**Exercise data**

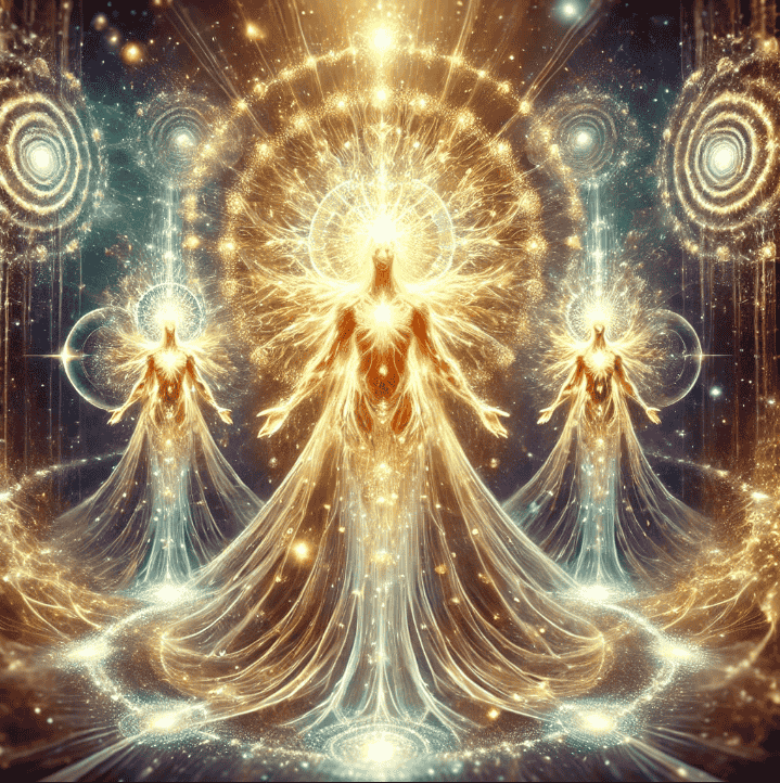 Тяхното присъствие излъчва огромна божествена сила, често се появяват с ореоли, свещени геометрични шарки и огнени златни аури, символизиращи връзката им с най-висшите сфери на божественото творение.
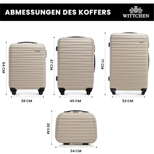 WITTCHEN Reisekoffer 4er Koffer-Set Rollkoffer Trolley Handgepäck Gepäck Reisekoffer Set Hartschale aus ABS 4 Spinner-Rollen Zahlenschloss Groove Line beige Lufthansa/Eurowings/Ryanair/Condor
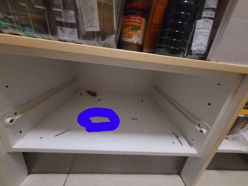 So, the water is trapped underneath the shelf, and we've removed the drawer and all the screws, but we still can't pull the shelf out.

==

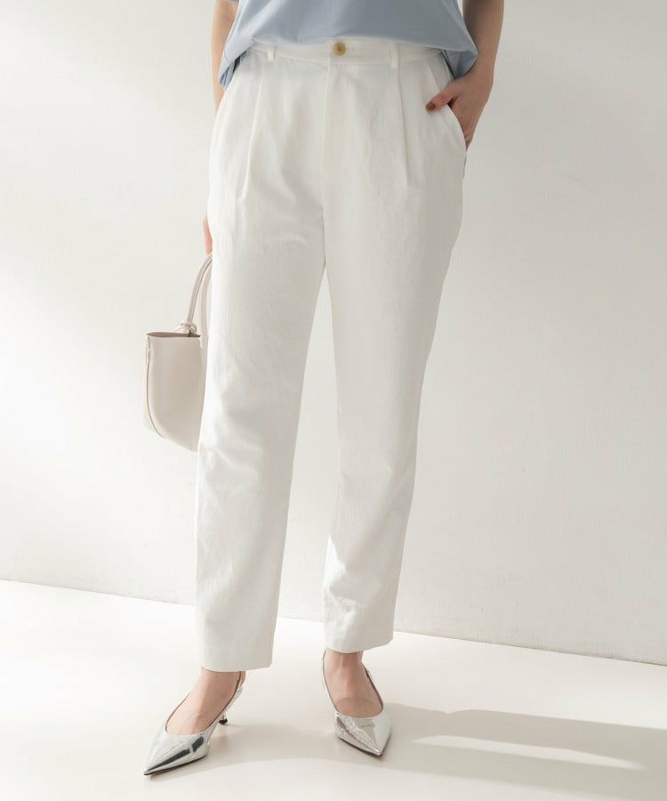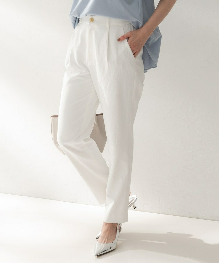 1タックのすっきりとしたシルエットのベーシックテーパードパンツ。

**What you need to do**
Look above for the line with "Тяхното присъствие излъчва" and the line with "So, the water". Give again exactly those two lines and all lines between them, pictures excluded.

**Your solution**
 Тяхното присъствие излъчва огромна божествена сила, често се появяват с ореоли, свещени геометрични шарки и огнени златни аури, символизиращи връзката им с най-висшите сфери на божественото творение.
 WITTCHEN Reisekoffer 4er Koffer-Set Rollkoffer Trolley Handgepäck Gepäck Reisekoffer Set Hartschale aus ABS 4 Spinner-Rollen Zahlenschloss Groove Line beige Lufthansa/Eurowings/Ryanair/Condor
 So, the water is trapped underneath the shelf, and we've removed the drawer and all the screws, but we still can't pull the shelf out.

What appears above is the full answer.